Coco alkylamine (CAS 61788 -46 -3), Tallow alkylamine (CAS 61790 -33 -8), Octadecylamine (CAS 124 -30 -1), and Oleylamine (CAS 112 -90 -3) did not cause gene mutations in bacteria (Ames test).

Oleylamine also produced negative results in the HPRT assay mentioned above, and in a mouse lymphoma assay.

Oleylamine also did not cause chromosomal aberrations in CHO cells in vitro.

In vivo tests for chromosome aberrations (mouse micronucleus tests) were performed with Oleylamine and Tallow alkylamine. Though clinical signs and toxicity up to lethality were observed with both substances, no increase in aberrant cells was reported.

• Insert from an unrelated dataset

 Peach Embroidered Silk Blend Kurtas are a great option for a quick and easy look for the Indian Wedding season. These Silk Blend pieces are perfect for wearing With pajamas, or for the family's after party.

Short description of key information:
Ames (read across from 68647-95-0): negative (BASF 2012, GLP, OECD 471)
Ames (read across from 112-90-3): negative (EU RAR 2008)
MNT in vitro (read across from 68647-95-0): negative (BASF 2012, GLP, OECD487)
CA (read across from 112-90-3): negative (EU RAR 2008)
HPRT (read across from 112-90-3): negative (CMA 1985, GLP, equivalent to OECD 467)
MLA (read across from 112-90-3): negative (EU RAR 2008
MNT in vivo (read across from 112-90-3): negative (EU RAR 2008)

Endpoint Conclusion: No adverse effect observed (negative)

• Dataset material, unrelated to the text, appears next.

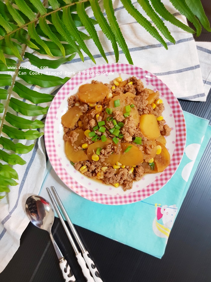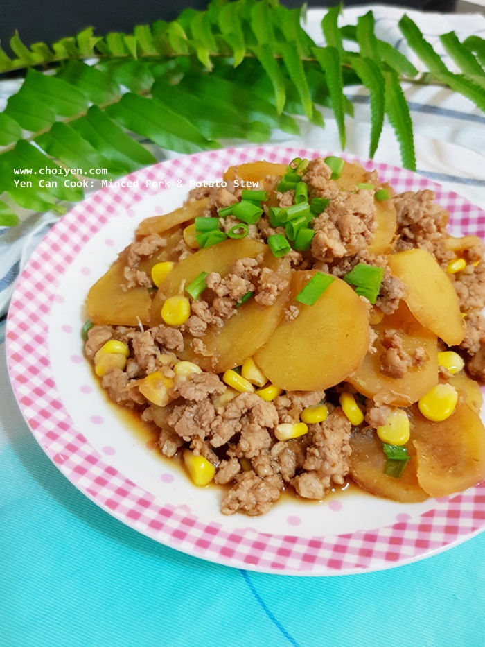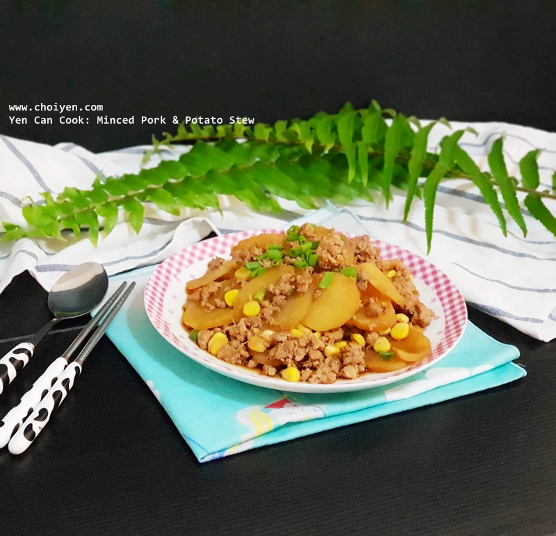 Step 5: Add in the potato slices and corn, as well as oyster sauce, sugar and water. Stir to coat all the ingredients. Cover with lid and simmer, stirring occasionally, for 10-15 minutes (depending on the size of potato or carrot if you add any). Add a bit of hot water if the sauce runs dry before the potato and carrot turn tender.

Justification for classification or non-classification

Fatty acids, C18 -unsatd., dimers, compds. with coco alkylamines did not induce gene mutations in bacteria or chromosome aberrations in mammalian cells. Oleylamine, did not cause gene mutation in bacteria, mammalian cells, nor chromosome aberrations in vitro or in vivo. Several further negative mutagenicity studies exist for related primary alkyl amines.

Thus, there is no indication, that the Reaction products of Fatty acids, tall-oil, compds. with oleylamine and Fatty acids, C18-unsatd., trimers, compds. with oleylamine cause genetic damage. Therefore the substance has not to be classified according to EU criteria (67/548/EEC) or CLP/EU-GHS for this hazard.